JAKARTA, GRESNEWS.COM - Kementerian Perindustrian kembangkan pembangunan klaster industri baja di tiga wilayah, yaitu Cilegon Banten, Batulicin Kalimantan Selatan, dan Morowali Sulawesi Tengah. Produksi dari kelompok manufaktur terpadu ini digadang akan mampu memenuhi kebutuhan pasar domestik dan ekspor, serta mewujudkan kemandirian dari impor baja.

Menteri Peridustrian Airlangga Hartarto mengatakan, melalui pendekatan klaster ini, produk yang dihasilkan akan lebih berdaya saing serta memacu adanya inovasi dan peningkatan kualitas produk sesuai permintaan konsumen saat. "Ini, karena sifatnya saling melengkapi," kata Airlangga Hartarto di Jakarta, Sabtu (13/1).

Menurutnya industri baja dikategorikan sebagai sektor induk karena produknya merupakan bahan baku utama yang diperlukan bagi kegiatan manufaktur di sektor industri lainnya. Bahkan, baja juga dibutuhkan sebagai komponen penting dalam sektor infrastruktur secara luas yang antara lain meliputi bangunan dan properti, jalan dan jembatan, telekomunikasi, serta ketenagalistrikan.

Oleh karenanya, disebutkan Airlangga,  pemerintah menargetkan produksi 10 juta ton baja pada tahun 2025 melalui pembangunan klaster industri baja di Cilegon, Banten. "Dengan adanya klaster 10 juta ton yang nilai investasinya mencapai USD4 miliar ini, memberikan multiplier effect melalui penciptaan lapangan pekerjaan, pemenuhan bahan baku industri dalam negeri, dan memberikan manfaat terhadap perekonomian nasional khususnya Banten," jelas Menperin, seperti dikutip kemenperin.go.id .

Kemenperin menyebutkan bahwa pihaknya telah meminta kepada produsen baja PT Krakatau Steel (Persero) Tbk., Posco, Nippon Steel dan Osaka Steel agar berkolaborasi merealisasikan peta jalan pengembangan klater baja 10 juta ton tersebut.

Pembangunan klaster ini akan memberikan efek berantai berupa penyerapan tenaga kerja langsung sebanyak 45.000 orang dan tidak langsung sebanyak 375.000 orang. Selain itu juga akan ada pemasukan dari pajak sebesar USD 0,17 miliar dan kontribusi terhadap PDB sebesar 0,38 persen.

PT Krakatau Steel juga sudah bekerja sama dengan perusahaan Jepang, Sango Corporation dalam pengembangan produk baja wire rod untuk kebutuhan sektor otomotif dengan nilai investasi mencapai USD95 juta di Cilegon.

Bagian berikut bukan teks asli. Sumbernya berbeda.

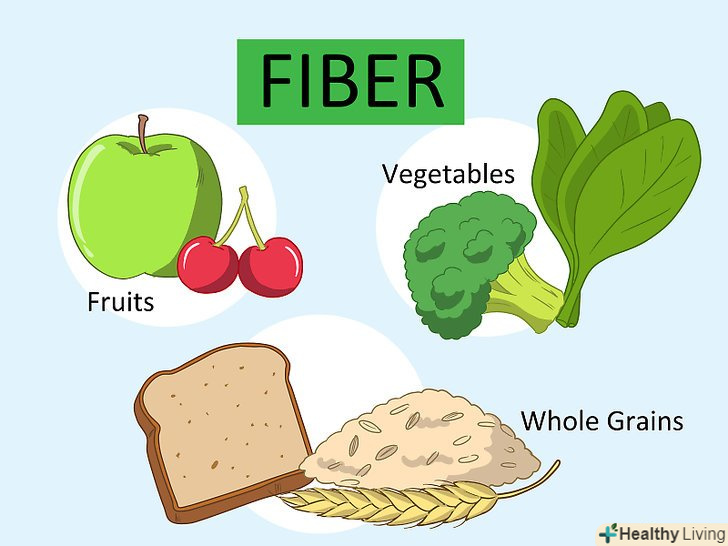 Наповніть свій день клітковиною.розчинна клітковина, яка міститься в фруктах, овочах і цільних зернах, знижує рівень інсуліну в організмі і призводить до видалення жиру. [4] вживаючи з їжею велику кількість клітковини, ви швидше насититеся, тому висококалорійна їжа не буде виглядати для вас настільки спокусливою.- Їжте цільні фрукти та овочі. Свіжі цілісні фрукти і овочі, наприклад яблука, вишні, апельсини, брокколі, шпинат, капуста і солодка картопля містять велику кількість клітковини.

"Pertumbuhan industri pengguna baja di Indonesia terbilang cukup baik. Contohnya, industri otomotif, yang diproyeksikan pada tahun 2025 akan memproduksi 3 juta unit mobil sehingga membutuhkan sebanyak 1,8 juta ton baja otomotif," ungkap Menperin.

Sementara itu, kebutuhan crude steel (baja kasar) nasional saat ini sudah mencapai 14 juta ton, namun produksi industri baja dalam negeri sebanyak 8 juta ton per tahun. Kendati demikian, capaian produksi 8 juta ton tersebut, menempatkan Indonesia di peringkat keenam di Asia sebagai produsen baja kasar.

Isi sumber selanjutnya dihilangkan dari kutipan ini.